В соответствии с просьбой, вот упрощенная часть кода, которая использует всю память (файл _name.cub — это куб ISIS3,это файл, содержащий 5 слоев (диапазонов )одной и той же карты, первый слой — спектральная яркость, следующие 4 — широта, долгота и другие детали. Это изображение с Марса, которое я пытаюсь обработать. StartByte — это значение, которое я ранее прочитал из заголовка ascii файла.cub, указывающее мне начальный байт данных, Samples и Lines — это размеры карты, также считанные из заголовка.):
latitude_array = 'cheese' # It'll make sense in a moment
f_to = open('To_file.dat','w')
f_rad = open('file_name.cub', 'rb')
f_rad.seek(0)
header=struct.unpack('%dc' % (StartByte-1), f_rad.read(StartByte-1))
header = None
#
f_lat = open('file_name.cub', 'rb')
f_lat.seek(0)
header=struct.unpack('%dc' % (StartByte-1), f_lat.read(StartByte-1))
header = None
pre=struct.unpack('%df' % (Samples*Lines), f_lat.read(Samples*Lines*4))
pre = None
#
f_lon = open('file_name.cub', 'rb')
f_lon.seek(0)
header=struct.unpack('%dc' % (StartByte-1), f_lon.read(StartByte-1))
header = None
pre=struct.unpack('%df' % (Samples*Lines*2), f_lon.read(Samples*Lines*2*4))
pre = None
# (And something similar for the other two bands)
# So header and pre are just to get to the right part of the file, and are
# then set to None. I did try using seek(), but it didn't work for some
# reason, and I ended up with this technique.
for line in range(Lines):
sample_rad = struct.unpack('%df' % (Samples), f_rad.read(Samples*4))
sample_rad = np.array(sample_rad)
sample_rad[sample_rad<-3.40282265e+38] = np.nan
# And Similar lines for all bands
# Then some arithmetic operations on some of the arrays
i = 0
for value in sample_rad:
nextline = sample_lat[i]+', '+sample_lon[i]+', '+value # And other stuff
f_to.write(nextline)
i += 1
if radiance_array == 'cheese': # I'd love to know a better way to do this!

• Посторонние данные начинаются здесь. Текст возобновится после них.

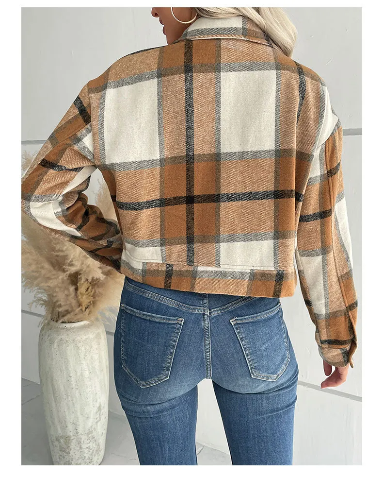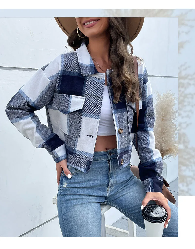 Stylish Plaid Lapel Cropped Jacket with Pockets - The Perfect Fall Outerwear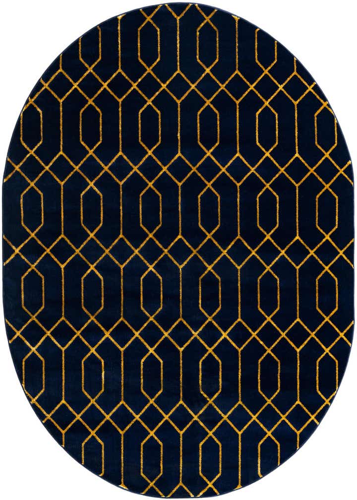 Machine-made from 70% polypropylene and 30% polyester, this oval rug pairs a deep navy-blue field with a repeating gold trellis for a modern, geometric look. The pattern consists of elongated hexagonal links and intersecting lines that create a steady, art-deco–inspired rhythm across the surface. The pile has a smooth, velvety hand with a subtle sheen that catches light on the gold lines, giving the motif added dimension against the rich navy background.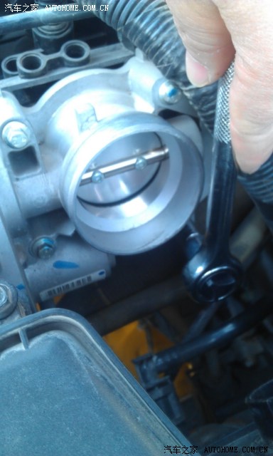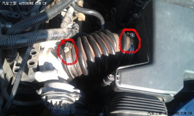 需要拧开两个螺丝 不用松到底 适度即可。拧松掉后,直接拔下来 用点劲就下来了 没什么技巧,如果非要技巧,就是先拔下一头。。。呵呵。拿下皮管后 就看见传说中的节气门了。福克斯的软肋啊。。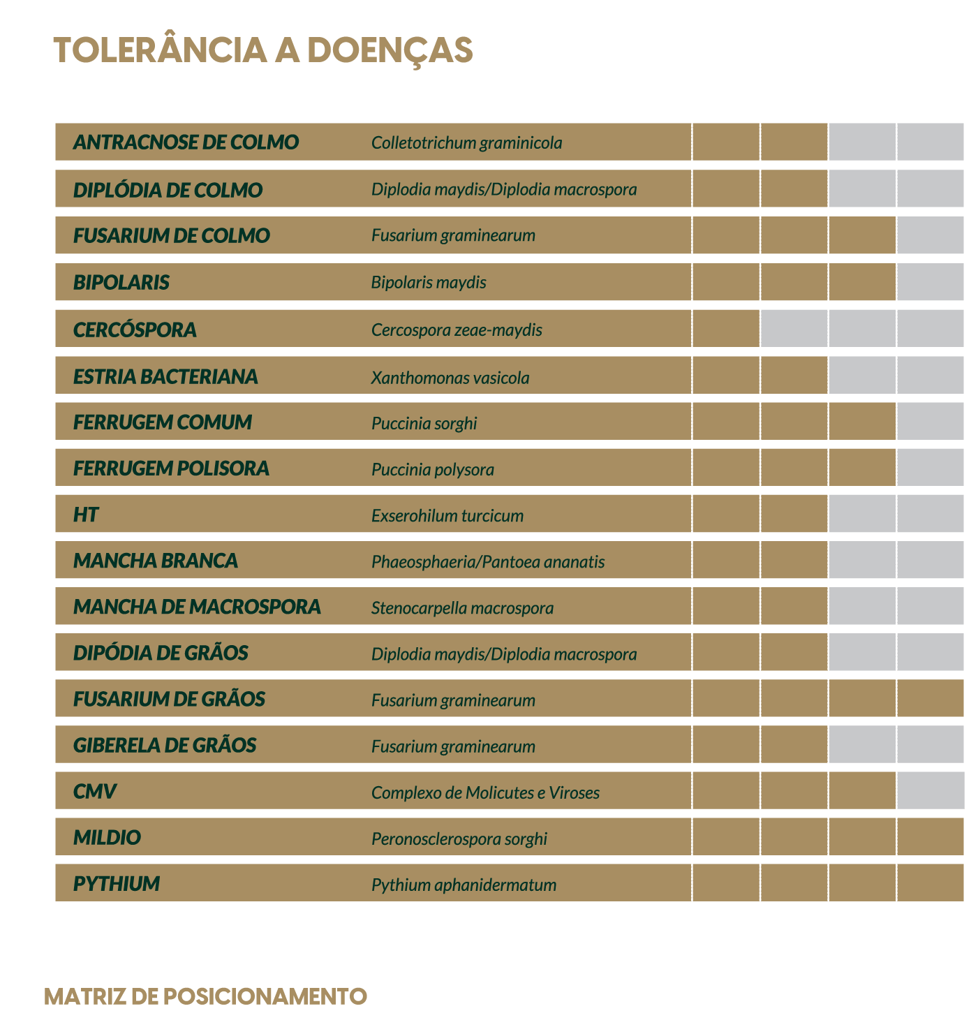 - Alta tolerância a Pythium, Míldio, Fusarium de colmo e Xantomonas;

radiance_array = sample_rad.reshape(len(sample_rad),1)
else:
radiance_array = np.append(radiance_array, sample_rad.reshape(len(sample_rad),1), axis=1)

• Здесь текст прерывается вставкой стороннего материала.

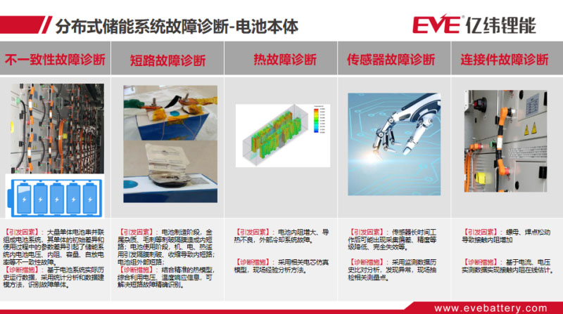 關(guān)于系統(tǒng)故障的診斷,這個地方我們做了一些相關(guān)的分析,有包含有電池的不一致,還有我們的連接,特別連接的這一部分是要特別強調(diào)的,因為在用戶側(cè)倍率比較小,一般都是0.25C到0.33C,大家一般不會太在意在PACK設(shè)計的過程當(dāng)中。去年和前年有一些項目里面有些友商還會采用擰螺絲的方式去做內(nèi)部連接,這都是存在的隱患和故障點,但這種故障點要去排查是非常難的。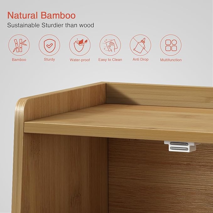 - [Versatile Kitchen Counter Organizer] The bamboo bin can not only for breads storage, but also a clean and good place for holding snacks, fruits, cups, pills and other things. And the bread box shelf on the top adds more counter storage space, you can put spices and other kitchen things on it, keep your counter neat.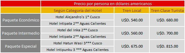 - Los pasajeros que adquieran el paquete con tren local deben de acompañar a nuestro representante a realizar la compra de su boleto en la estación de Perú Rail, dado que el trámite es personal con la presentación de su DNI original.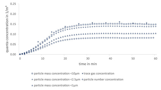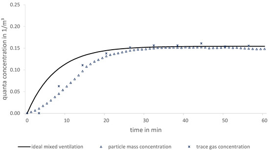 One key aspect of the study is to prove that both methods are concordant. Hence, a comparison between the two measuring methods for substance dispersion is essential. Bivolarova et al. [32] compare trace gases with different particle sizes on the basis of steady-state observations and decay curves of substance concentrations. A temporal resolution of these concentrations from the initial to the steady state—i.e., the dispersion of the substances—as well as a transfer to an infectious event is not focused here.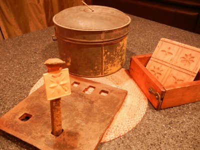 DESIGN IDEAS: After some experimentation, I ended up using an antique butter mold to make the tags. One quadrant of the mold worked well. I just smoothed out the edges before baking.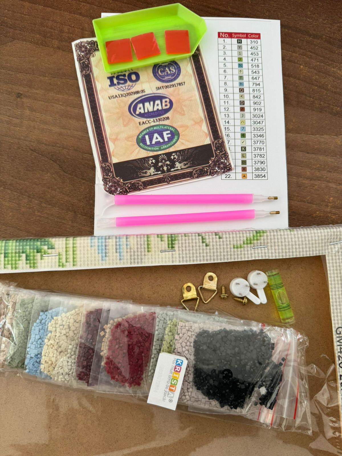 - Pânză numerotată care facilitează aplicarea pietricelelor.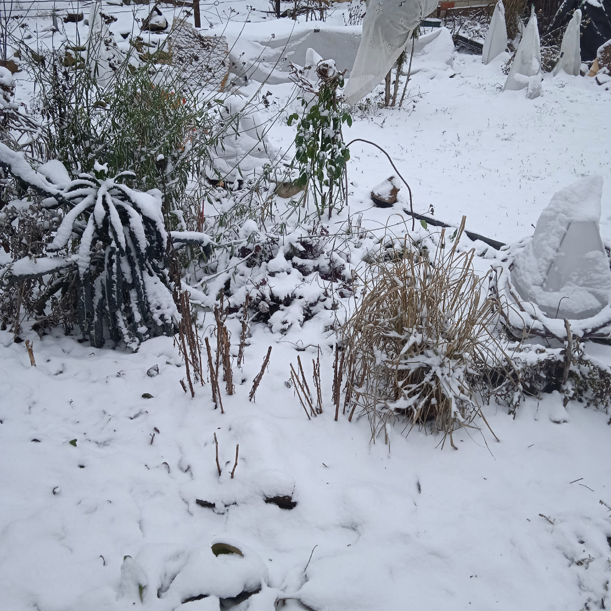 Вот такая зима мне очень даже нравится! Да, не всегда зима и снег приходят вместе. Только вчера, было все серо и уныло, а нынче, та же картинка выглядит иначе. Сегодня проснулась среди ночи, открыла глаза, светло. Ну, думаю, пора вставать, утро настало. Посмотрела на часы, а там 2.35. Вот что делает снег! Хоть я зиму и не люблю, но раз это неизбежно, то я бы хотела, чтобы вся зима была такой. Только бы снежку немного привалило. Морозец совсем небольшой, земля талая. Но, увы! В ночь обещают -10. Всё , что считала нужным укрыто, остальное, думаю , переживет. Ну, а не переживет, новых насадим! Всё больше и больше становлюсь пофигисткой. В этом году большой урожай на шишки сумаха. Если будет все нормально, весной ими замульчирую гортензии. Они подкислят почву. Не стала в этом году и с тарелками таскаться. Уж очень они тяжелые. Одну, молодую накрыла ковриком, как и в прошлом году, а эту оставила открытой. Если вымерзнет, недолго новую создать. Она все равно сильно разрослась и я хоте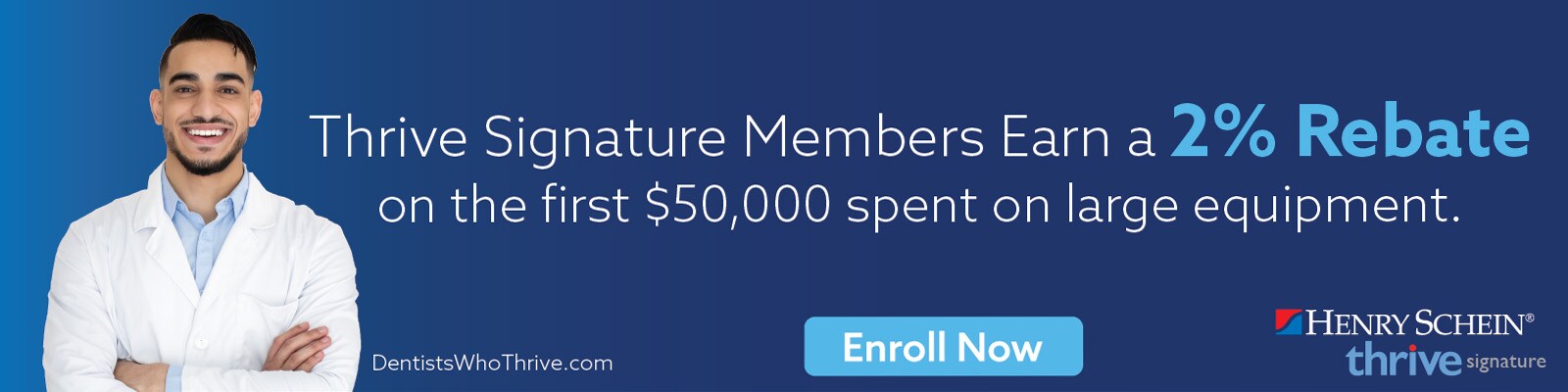 When you enroll in the Henry Schein Thrive Signature membership program, you can earn rebates on equipment and merchandise, plus enjoy exclusive savings on business management services, complimentary shipping and more. Our dedicated concierge team is here to support you and bring greater value to you and your practice.

# And again, similar operations on all arrays. I end up with 5 output arrays
# with dimensions ~830*4000. For the large files they can reach ~830x20000
f_rad.close()
f_lat.close()
f_to.close() # etc etc
sample_lat = None # etc etc
sample_rad = None # etc etc
#
plt.figure()
plt.imshow(radiance_array)
# I plot all the arrays, for diagnostic reasons
plt.show()
plt.close()
radiance_array = None # etc etc
# I set all arrays apart from one (which I need to identify the
# locations of nan in future) to None
# LOCATION OF MEMORY USAGE MONITOR SNIPPET FROM ABOVE
Так что я солгал в комментариях об открытии нескольких файлов, это много экземпляров одного и того же файла. Я продолжаю работать только с одним массивом, для которого не установлено значение None, и его размер составляет ~830x4000, хотя он каким-то образом составляет 50% доступной мне памяти. Я также пробовал gc.collect, но без изменений. Я был бы очень рад услышать любые советы о том, как я могу улучшить любой код (, связанный с этой проблемой или иным образом ).
Возможно, я должен упомянуть :изначально я открывал файлы полностью (, т.е. не построчно, как указано выше ), делая это построчно было первоначальной попыткой сэкономить память.